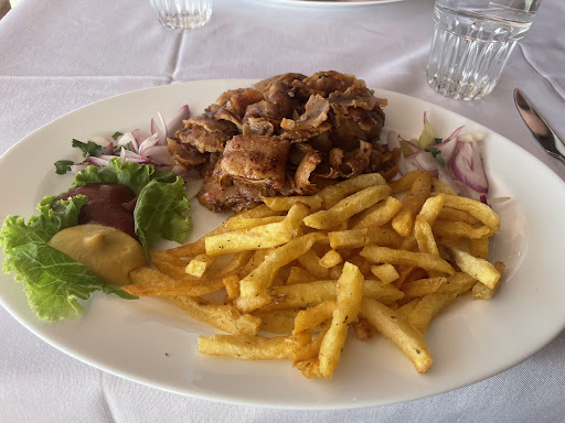 At first it seemed like a nice restaurant. They set the table brought out some glasses and plates and a side of bread. We couldn't decide what to eat so we asked the waiter for some extra time. After that it was hard to get his attention again. Our foods came out seperatly. We ordered 4 plates of food and all of those arrived at a different time. First the Variety of fish plate where the variety was two kind of fish both uncooked with 2-3 leafs of salad. After that come the burger which was a flat burger patty with fries. The menu said burger we expected atleast a patty in a bun but no. The burger patty was fine for the taste nothing special. Last was the pork ribs. We ordered two plates of those. For the first look it seemed pretty nice but then come the cold shower. Little meat on a big bone chewy, raw but somehow overcooked and burned at the same time. It was really fatty aswell. After "enjoying" our meal we tried to pay. We were trying to catch the waiters sight but they werent paying any attention to us. One of them even looked at us and then walked by. They were too busy with talking to other tables, making jokes and everything else. When we finally stood up they immediatly came to us they tried to make us sit back because they were afraid that we would leave without paying We went inside to pay and told them our experiences but they just wanted us out as soon as possible. I do not recommend this...
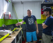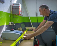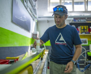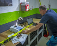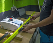 Mit Enrico Heisig habe ich mich Mitte September in Oberhof getroffen, um genau so einen Reinigungsvorgang selbst durchzuführen. Der DSV hat sich, um das Verfahren zu optimieren, zwei baugleiche Fluor-Testgeräte der Firma Bruker angeschafft, wie sie in der kommenden Saison bei den Tests vor und nach den Rennen verwendet werden (auch darüber haben wir berichtet). So kann direkt überprüft werden, ob das Reinigen erfolgreich war. Und genau so will auch ich überprüfen, ob die mir empfohlene Reinigungsprozedur effektiv ist. Vorab habe ich mir bereits Tipps von Simon Kronbichler von HWK geholt, die wir in einer Anleitung zusammengefasst haben (Anleitung zur Fluor-Reinigung von Langlaufski und Zubehör). Nun betrete ich mit meinen Rennski das Technologiezentrum in Oberhof, wo sonst geschliffen, präpariert und gelagert wird. Enrico hat das Testgerät schon vorbereitet und erklärt mir kurz den Ablauf. Der Ski wird mit seinem Belag voran an drei Stellen (vorne, Mitte und hinten) an das Testgerät gehalten. Jeder Punkt wird einzeln mittels Infrarot-Spektrometrie gemessen und ein Wert ermittelt. Liegt dieser über 1,0 Prozent, so wird davon ausgegangen, dass sich noch Fluor auf dem Belag befindet. Liegt er darunter, gilt der Ski als „clean“, also sauber. Um den Test zu bestehen, müssen bei den FIS-Sportarten wie Skilanglauf alle drei Stellen unter dem Grenzwert liegen.
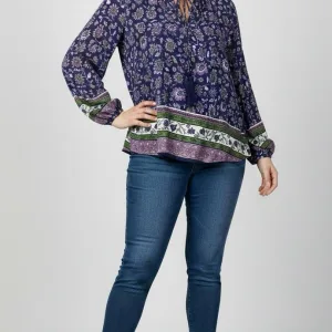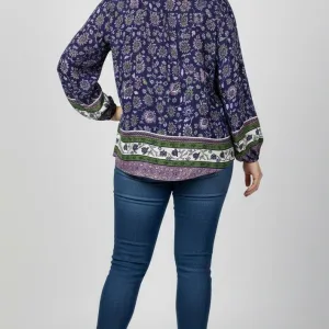 Blusa azul con flores lilas mujer talla grande Natural Life XL
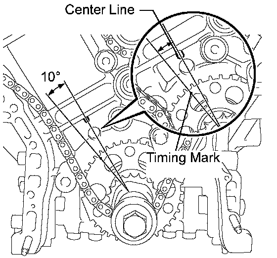 a. Turn the crankshaft counterclockwise 10° to loosen the chain of the crankshaft timing sprocket.
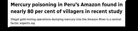 110. (2025, June 20). Mercury poisoning in Peru's Amazon found in nearly 80 per cent of villagers in recent study. CBC. https://www.cbc.ca/news/science/mercury-poisoning-goldmining-1.7566978
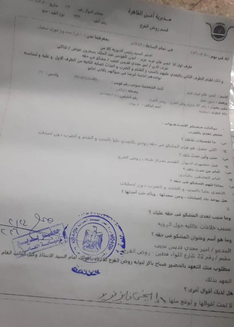 حررت إ - ف محضر رقم ٢١٢٤ لسنة٢٠٢٦(جنح روض الفرج) ضد زوجها أ - م واتهمته خلاله بـالاعتداء عليها بالسب والضرب خلال جلسة الرؤية الأسبوعية المعتادة لأبنائه بمركز شباب روض الفرج وذلك على مرأى ومسمع من العاملين بالنادي.
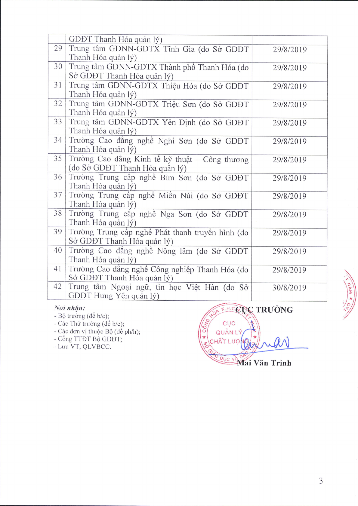 Các Trung tâm GDNN - GDTX Bá Thước, Đông Sơn, Hà Trung, Hoằng Hóa, Nông Cống, Như Thanh, Quảng Xương, Tĩnh Gia, Thành phố Thanh Hóa, Thiệu Hóa, Triệu Sơn, Yên Định (do Sở GDĐT Thanh Hóa quản lý): Dừng từ ngày 29/8/2019;
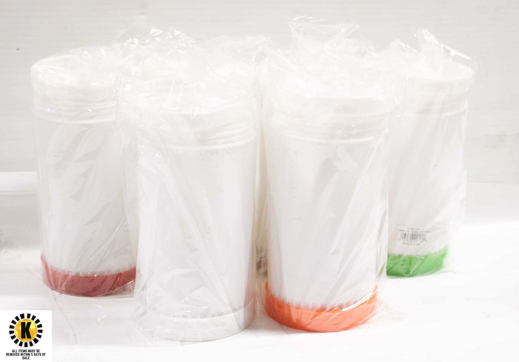 CONTAINERS. EACH COMES WITH 2 LIDS, ONE WITH A SPOUT AND ONE JAR LID FOR STORAGE (12 LIDS TOTAL). BROWN, GREEN, RED, ORANGE, & YELLOW LIDS. GREAT FOR COCKTAIL MIXES, PANCAKE BATTER, BROTHS, & MORE.
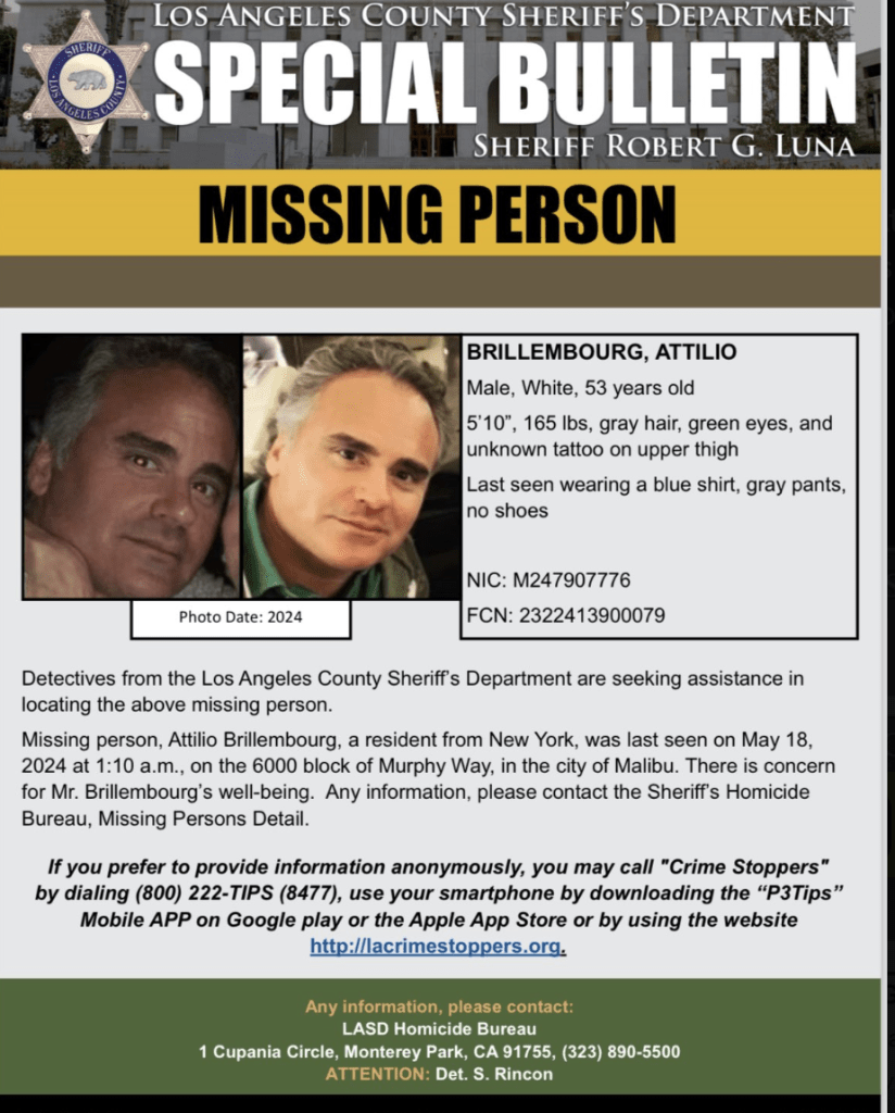 “La persona desaparecida, Attillo Brillembourg, residente de Nueva York, fue vista por última vez el 18 de mayo de 2024, a la 1:10 a.m., en la cuadra 6000 de Murphy Way, en la ciudad de Malibú”, dice el boletín. “Existe preocupación por el bienestar del señor Brillembourg. Cualquier información, comuníquese con la Oficina de Homicidios del Sheriff, Detalle de Personas Desaparecidas”.
---------------
• What to do: The records above, minus their pictures, are to be returned verbatim.

• Task output:
 At first it seemed like a nice restaurant. They set the table brought out some glasses and plates and a side of bread. We couldn't decide what to eat so we asked the waiter for some extra time. After that it was hard to get his attention again. Our foods came out seperatly. We ordered 4 plates of food and all of those arrived at a different time. First the Variety of fish plate where the variety was two kind of fish both uncooked with 2-3 leafs of salad. After that come the burger which was a flat burger patty with fries. The menu said burger we expected atleast a patty in a bun but no. The burger patty was fine for the taste nothing special. Last was the pork ribs. We ordered two plates of those. For the first look it seemed pretty nice but then come the cold shower. Little meat on a big bone chewy, raw but somehow overcooked and burned at the same time. It was really fatty aswell. After "enjoying" our meal we tried to pay. We were trying to catch the waiters sight but they werent paying any attention to us. One of them even looked at us and then walked by. They were too busy with talking to other tables, making jokes and everything else. When we finally stood up they immediatly came to us they tried to make us sit back because they were afraid that we would leave without paying We went inside to pay and told them our experiences but they just wanted us out as soon as possible. I do not recommend this...
 Mit Enrico Heisig habe ich mich Mitte September in Oberhof getroffen, um genau so einen Reinigungsvorgang selbst durchzuführen. Der DSV hat sich, um das Verfahren zu optimieren, zwei baugleiche Fluor-Testgeräte der Firma Bruker angeschafft, wie sie in der kommenden Saison bei den Tests vor und nach den Rennen verwendet werden (auch darüber haben wir berichtet). So kann direkt überprüft werden, ob das Reinigen erfolgreich war. Und genau so will auch ich überprüfen, ob die mir empfohlene Reinigungsprozedur effektiv ist. Vorab habe ich mir bereits Tipps von Simon Kronbichler von HWK geholt, die wir in einer Anleitung zusammengefasst haben (Anleitung zur Fluor-Reinigung von Langlaufski und Zubehör). Nun betrete ich mit meinen Rennski das Technologiezentrum in Oberhof, wo sonst geschliffen, präpariert und gelagert wird. Enrico hat das Testgerät schon vorbereitet und erklärt mir kurz den Ablauf. Der Ski wird mit seinem Belag voran an drei Stellen (vorne, Mitte und hinten) an das Testgerät gehalten. Jeder Punkt wird einzeln mittels Infrarot-Spektrometrie gemessen und ein Wert ermittelt. Liegt dieser über 1,0 Prozent, so wird davon ausgegangen, dass sich noch Fluor auf dem Belag befindet. Liegt er darunter, gilt der Ski als „clean“, also sauber. Um den Test zu bestehen, müssen bei den FIS-Sportarten wie Skilanglauf alle drei Stellen unter dem Grenzwert liegen.
 Blusa azul con flores lilas mujer talla grande Natural Life XL
 a. Turn the crankshaft counterclockwise 10° to loosen the chain of the crankshaft timing sprocket.
 110. (2025, June 20). Mercury poisoning in Peru's Amazon found in nearly 80 per cent of villagers in recent study. CBC. https://www.cbc.ca/news/science/mercury-poisoning-goldmining-1.7566978
 حررت إ - ف محضر رقم ٢١٢٤ لسنة٢٠٢٦(جنح روض الفرج) ضد زوجها أ - م واتهمته خلاله بـالاعتداء عليها بالسب والضرب خلال جلسة الرؤية الأسبوعية المعتادة لأبنائه بمركز شباب روض الفرج وذلك على مرأى ومسمع من العاملين بالنادي.
 Các Trung tâm GDNN - GDTX Bá Thước, Đông Sơn, Hà Trung, Hoằng Hóa, Nông Cống, Như Thanh, Quảng Xương, Tĩnh Gia, Thành phố Thanh Hóa, Thiệu Hóa, Triệu Sơn, Yên Định (do Sở GDĐT Thanh Hóa quản lý): Dừng từ ngày 29/8/2019;
 CONTAINERS. EACH COMES WITH 2 LIDS, ONE WITH A SPOUT AND ONE JAR LID FOR STORAGE (12 LIDS TOTAL). BROWN, GREEN, RED, ORANGE, & YELLOW LIDS. GREAT FOR COCKTAIL MIXES, PANCAKE BATTER, BROTHS, & MORE.
 “La persona desaparecida, Attillo Brillembourg, residente de Nueva York, fue vista por última vez el 18 de mayo de 2024, a la 1:10 a.m., en la cuadra 6000 de Murphy Way, en la ciudad de Malibú”, dice el boletín. “Existe preocupación por el bienestar del señor Brillembourg. Cualquier información, comuníquese con la Oficina de Homicidios del Sheriff, Detalle de Personas Desaparecidas”.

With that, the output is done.